ICS 171: Introduction to Artificial Intelligence

Fall Quarter, 2000

Team Programming Projects

For this class, there will be three programming assignments to be completed with teams of four students. Teams will be selected psuedo-randomly (somewhat balanced) by me, and usually all members of the team will receive the same grade for each assignment. However, part of each assignment is an anonymous performance appraisal questionnaire, and this can affect individual grades. In this questionnaire, you will be asked to assess the contribution of each team member (including yourself!) to the final product. The primary rational for doing team projects is that it is much closer to real-world programming projects -- experience with teamwork programming efforts will look much better on your resume! This experience should also complement other ICS project courses such as Project in Software System Design (ICS 125).

For each project, there will be three different sorts of roles: a Team Leader, a Documentation Leader, and two Programmers. These roles must rotate so that no person is either a team leader nor a documentation leader twice. The Team Leader (or manager) is responsible for leading meetings, clarifying and dividing up efforts, setting intermediary deadlines, and making sure that the coding efforts can be integrated. The team leader is also ultimately responsible for all aspects of the project -- this leader must review and check all parts of the project, and help out individuals where needed. The Documentation Leader is responsible for both recording minutes and all decisions made at team meetings, as well as producing the initial draft of the System Report, the technical documentation that must accompany each project. Finally, the Programmers are primarily responsible for the code. Usually, these roles will be divided into efforts such as "User interface programmer" and "Seach algorithm programmer", but the details may depend on the project as well as the teams.

Deliverables:

The System Report should provide an overview and description of the final product, especially the design of the code. You may assume that the reader is familiar with the specifications that I will provide for each assignment. This document should describe data structures, and the high-level code design that your team adopted for the project. This document must be written clearly, using correct English. Points will be taken off for poorly written or incomprehensible system reports.
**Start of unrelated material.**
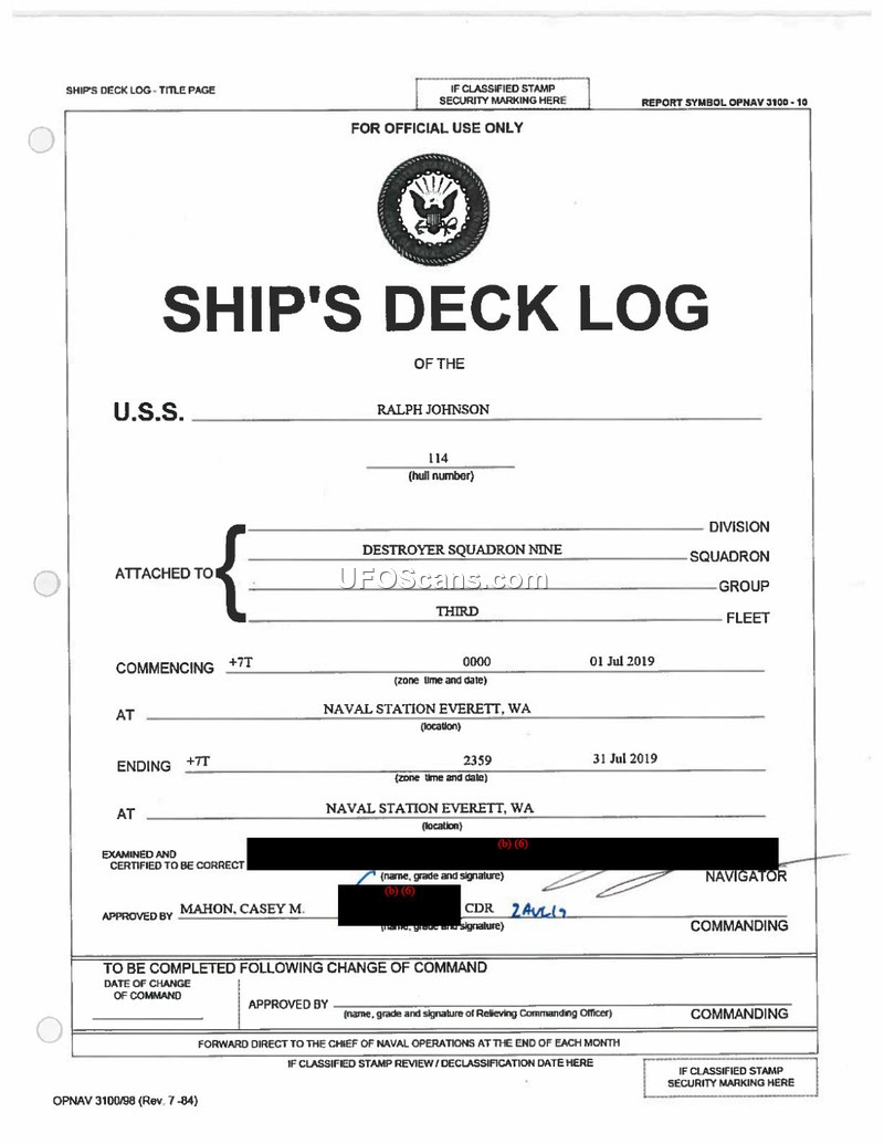 Ship's Deck Log — U.S.S. Ralph Johnson (DDG 114) — July 2019

The Team Meeting Minutes should describe when members met, all intermediate deadlines, all decisions made, as well as any problems encountered. These minutes must be signed by all team members. It is strongly recommended that these be finalized and signed at least a few days before the project is due. The meeting minutes need not be formally written; clarity would be appreciated, but these will not be graded on the quality of the written english.

The Performance appraisals are to be completed individually and handed in by class time on the due date. (They may be slid under my office door, or handed in at class.) They must be signed. Forms are available here, and will also be distributed in class.
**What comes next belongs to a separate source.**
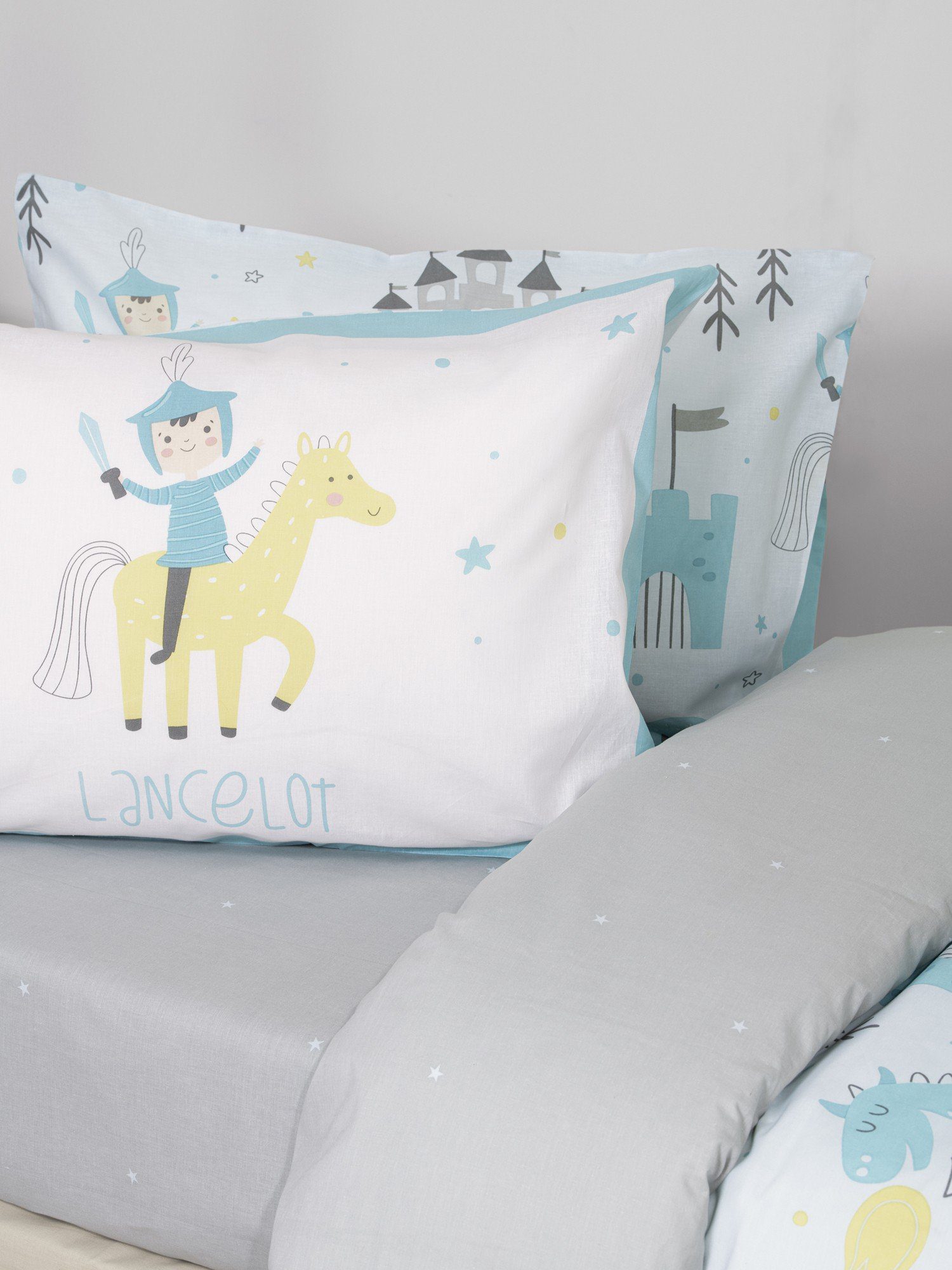 Τo βαμβακερό σετ σεντονιών Lancelot θα μεταμορφώσει το παιδικό δωμάτιο σε ένα μαγικό βασίλειο, γεμάτο με ιππότες, δράκους και κάστρα, όλα σχεδιασμένα με λιτές ανεπιτήδευτες γραμμές, σαν μια παιδική ζωγραφιά. Το κατωσέντονο έχει ένα μονόχρωμο ανοιχτό γκρι φόντο με λευκούς αστερισμούς, προσφέροντας μια ηρεμία στο σετ. Η μαξιλαροθήκη του σετ έχει πάνελ μοτίβο στην μία της όψη και παρουσιάζει ένα κεντρικό σχέδιο ενός ιππότη με την επιγραφή “LANCELOT” πλαισιωμένο με γαλάζια φάσα, ενώ η δεύτερη όψη της έχει το επαναλαμβανόμενο μοτίβο του πανωσέντονου, δίνοντάς σας επιλογές στο στρώσιμο. Η χρωματική παλέτα του σετ είναι φωτεινή και ευχάριστη. Το βασικό φόντο είναι ένα απαλό γαλάζιο, ενώ οι φιγούρες έχουν κίτρινο, τιρκουάζ, γκρι και πράσινο χρώμα, δημιουργώντας μια χαρούμενη και ισορροπημένη αισθητική. Ο σχεδιασμός του σετ είναι ζωντανός και γεμάτος φαντασία, κάνοντας την ώρα του ύπνου μια συναρπαστική ιστορία.

The Code, both source code and compiled bytecode, must be deposited in the Masterhit/instructional/ics-171 dropbox. It should include some low-level documentation for readability. It is expected that Java (JDK 1.2 or higher) will be the programming language.

Grading:

Projects will be primarily (~60 percent) be graded on whether or not they meet the performance specifications (see individual project details, below). Projects will also be graded on the quality of the system report (~35%). Code-level clarity and documentation will be given a smaller weight. Peer appraisals may be used (at my descretion) to adjust individual grades.

Projects are due at 2pm (class time) on the day indicated. Projects may not be late: if the deadline is not met, team members will receive a zero for that project. It is the responsibility of the team leader to make certain that this deadline is met, and to help out team members that may be having difficulty carrying out their part of the project. (In extreme cases, the team leader is encouraged to contact me should there be "unresolvable" problems.) All code and the system report should be deposited in the dropbox, and in addition, a hard copy of the project documents (meeting minutes, performance appraisals, & system report) must be handed in at class.

Project details: (to be filled in as they become available)

  1. Mini-Max search and the Gomoku game. Due on October 26.
  2. Constraint satisfaction and a production system language (CLIPS or JESS). Due on November 9.
  3. Digit recognition with a perceptron learning algorithm. Due on December 1.